I suppose it might not have attracted much attention in the general media. This is still a niche topic. More so since, unlike with LK-99, supposed room-temperature Tc would only have been achieved under enormous pressure (>100 GPa). Conveniently, that also narrows down the number of labs with the capabilities to replicate the experiment a lot.

Setting aside the issue of (alleged) fraud, I don't think people realize how messy superconductor research is. There is a significant theory gap. Even the question of why existing "high" Tc work isn't really settled. In the end, experimentalists just have to throw stuff at the wall and hope something sticks. And often it's just someone working on synthesizing new materials looking into superconductivity as a side project. They won't necessarily be set up for this, measurements can be rudimentary, results not really conclusive. There have been many claimed break throughs that didn't hold up under scrutiny.
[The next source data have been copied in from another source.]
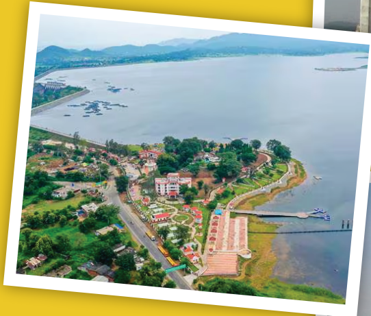
Patratu Lake Resort
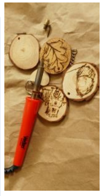
A pyrography tool in action—it decorates by burning wood or MDF blanks

If you wish volunteer or find out more about the craft library email comms.ggew@gmail.com
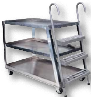
ALUMINUM THREE SHELF series SPA3
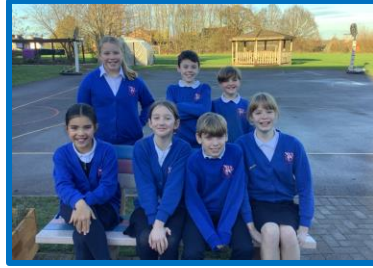
Dodgeball – we won the event and will be playing the Area Finals next Thursday.
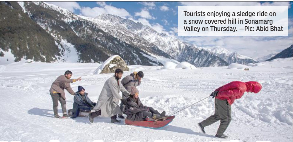
Tourists enjoying a sledge ride on a snow covered hill in Sonamarg Valley on Thursday.

Bear Caught In Kupwara SRINAGAR: The wildlife department officials on Thursday captured a bear, who had strayed into a residential area in Kupwara district of north Kashmir. The bear was on the prowl in the Wasia area for the last few days and had attacked several cattle, news agency GNS reported Thursday. The presence of the beast, the report said, had created panic among the villagers, who informed the authorities. "We received several complaints from locals about the presence of a bear. The wild animal had also attacked cattle," an official of the wildlife department said. "The bear was later trapped in a cage by our officials," he added. This was the sixth such catch in Kupwara district this year.
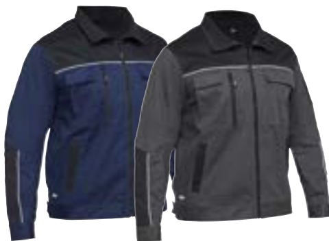
Art. 28.618.0 | EJ4600 OLIVER TWO-TONE JACKET Page 28
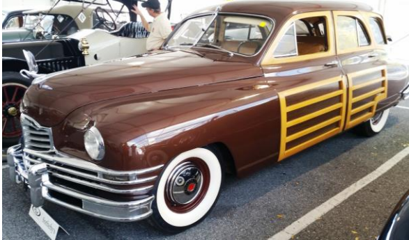
1949 Packard Station Wagon (I prefer Estate Wagon). It sold for $60,500 which included buyer and seller fees.
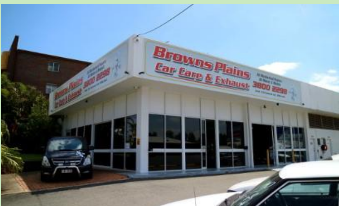
Car Care, Browns Plains
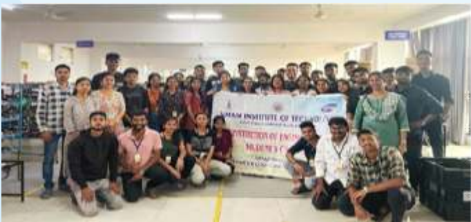
View of participants during the program

They also conducted a webinar on "Understanding FPGAs for Industrial Applications-Step towards Career Path in Semiconductor Industries" on 10 December 2022 and a Quiz Competition on "Inquizitive" on 15 December 2022.
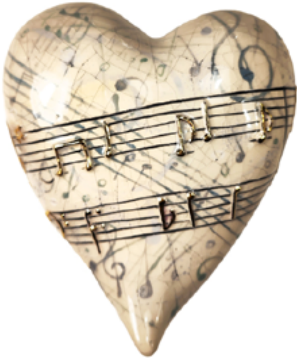
Musical White clay, engobe, transparent glossy glaze and gold
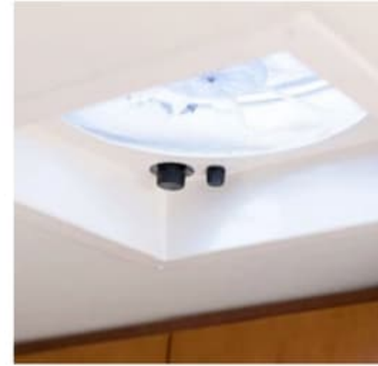
Fan Upgrade Thermal Controlled Fans with Rain Sensor in Galley & Lav (Not available on U24RL)
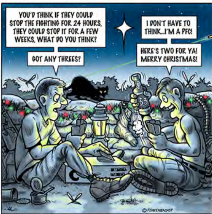
THE 24-HOUR CHRISTMAS CEASE-FIRE.
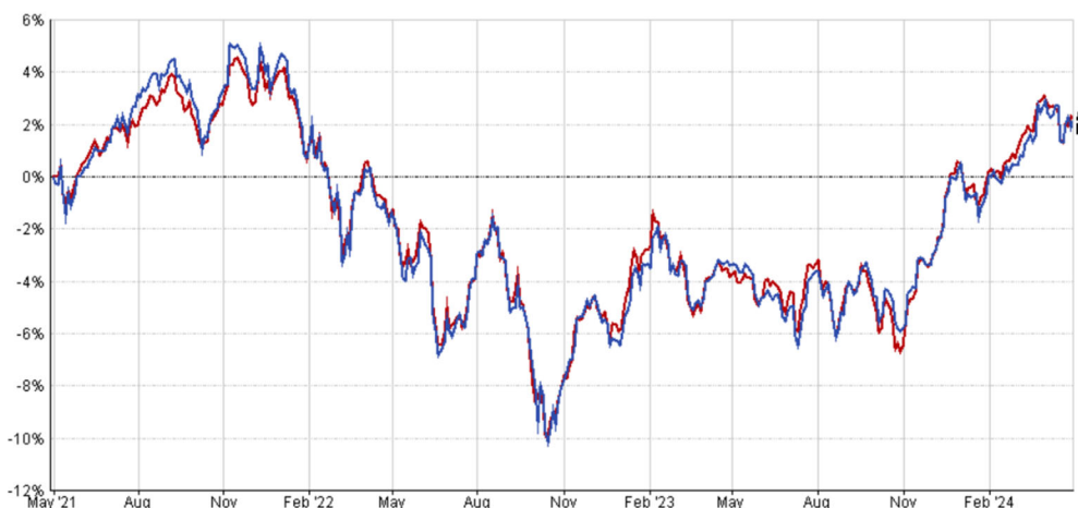
A - IA Mixed Investment 20-60% Shares TR in GB [2.38%] B - VT - Discovery Cautious C Acc GBP in GB [2.17%]

30/04/2021 - 30/04/2024 Data from FE fundinfo2024
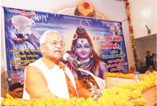
Rajya Sabha MP Laxmikant Bajpai addressing Kendriya Brahmin Mahasabha conference in Varanasi on Sunday.

“Traditionally, it is believed that the Vedas are impersonal and eternal, but rather the manifestation of eternal truth whose validity is eternal. Vedas are considered to be Shruti. In ancient times, a person of
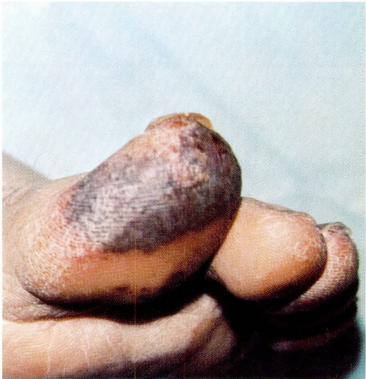
Fig. 4. Case 4. Infarction of the great toe.
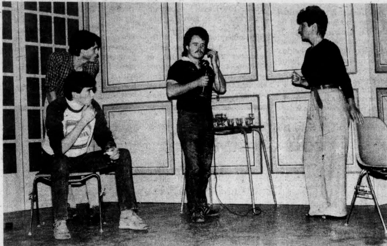
Rehearsal scene in "An Inspector Calls," a drama centering on the innermost problems of a family.

"An Inspector Calls" will be on at 8 p.m. from December 4 to 8 at Memorial Hall. Tickets are $4 for adults, $3 for students/senior citizens and are available at Mazzuca's or from Theatre Fredericton members.
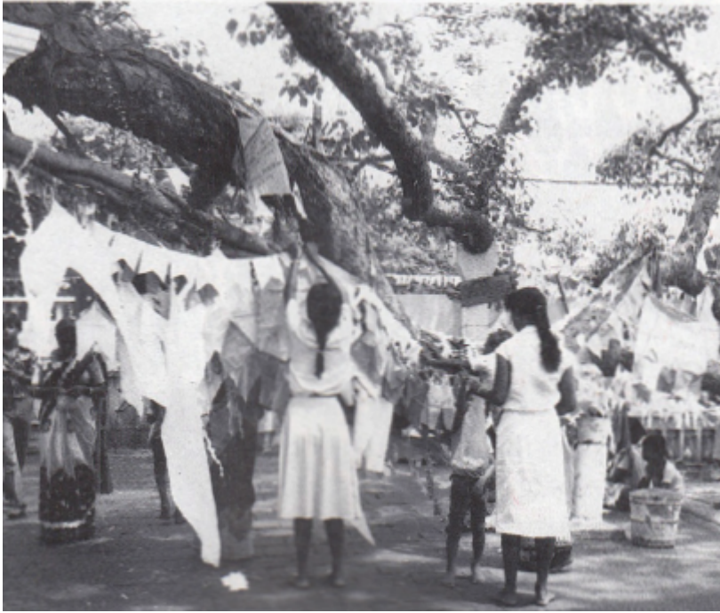
Devotees hang prayer flags on the branches of the sacred tree.
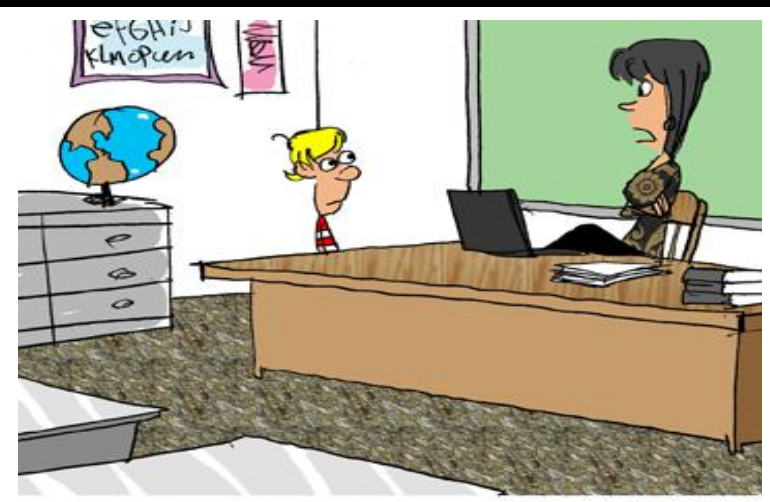
"You hacked into the school's computer system to give yourself an 'A,' so you're getting an 'F.' But, I will give you extra credit for your tech skills."

This cartoon was reprinted with permission from the "How To Geek" online newsletter, available online at newsletter@howtogeek.com
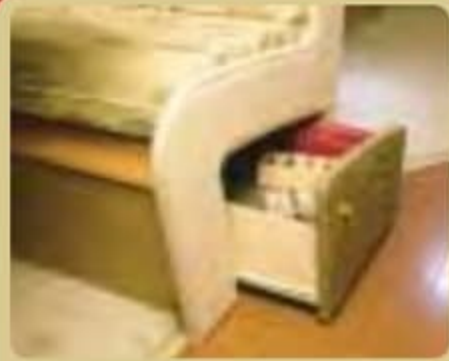
The Signature's thoughtful design provides extra space and ample storage.
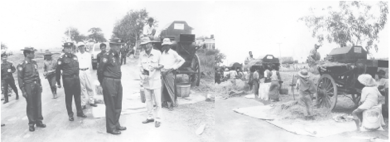
Lt-Gen Khin Maung Than inspects demonstration of paddy winnowing in Paungtamaw Village-tract, Pyay Township.
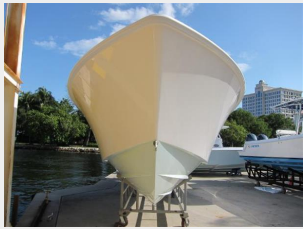
35 Contender ST
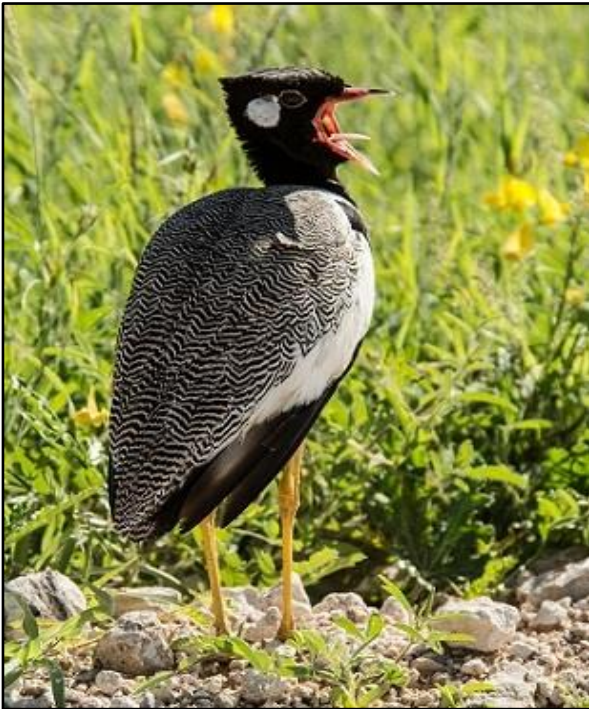
Northern Black Korhaan by Gareth Robbins

Today was the first full day of the South African Mega II Tour. We left our lodge an hour before sunrise to get the maximum amount of birding time in the Zaagkuil drift area. Once we were on the road
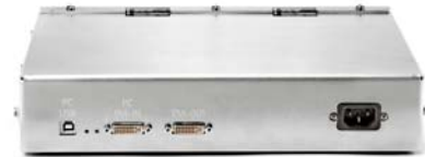
YC012-Z, Ex-link converter
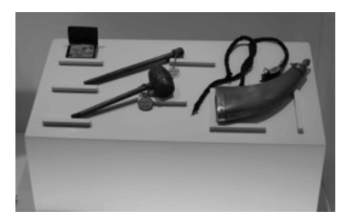
Fig. 7.7. Objects on display. (authors' photograph).
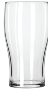
Tulip 16oz(4808) 20oz(4803)
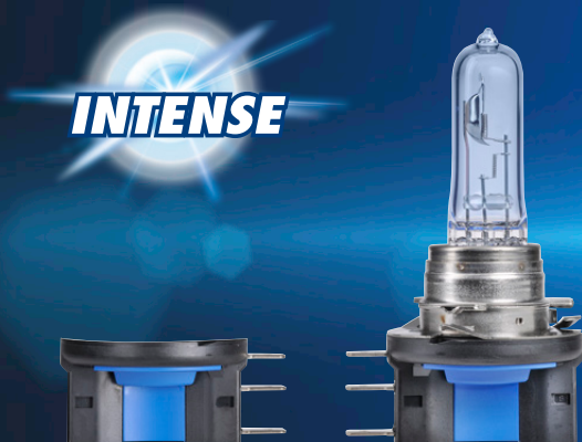
H15 P/No. 48096BL
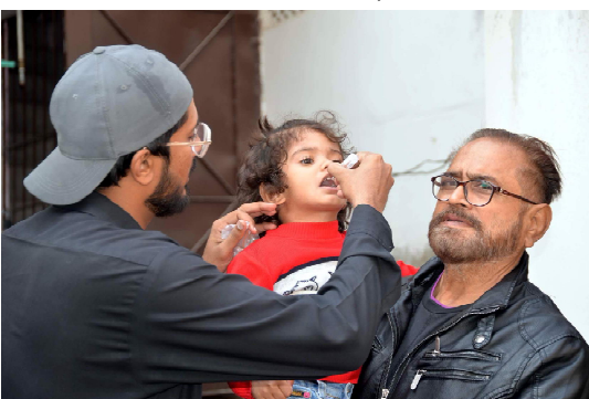
HYDERABAD: Health worker administering polio drop to a child during anti-polio immunization campaign
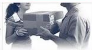
balance / delivery

But then sometimes they do, so dimissing them out of hand is not an option either. Most famously, when Bednorz and Müller published their discovery of ceramic superconductors in 1986, all they had was DC resistance measurements on samples consisting of three different compounds and they didn't even know which one was supposed to be superconducting. They won a Nobel Prize just one year later. You can read the story in their Nobel lecture:
https://www.nobelprize.org/uploads/2018/06/bednorz-muller-lecture-1.pdf

raptor1956:
There has always been cheaters in science, it's a sad fact but a fact that must be challenged.  The fact that other scientists and labs test these ideas and either confirm or refute is how science works.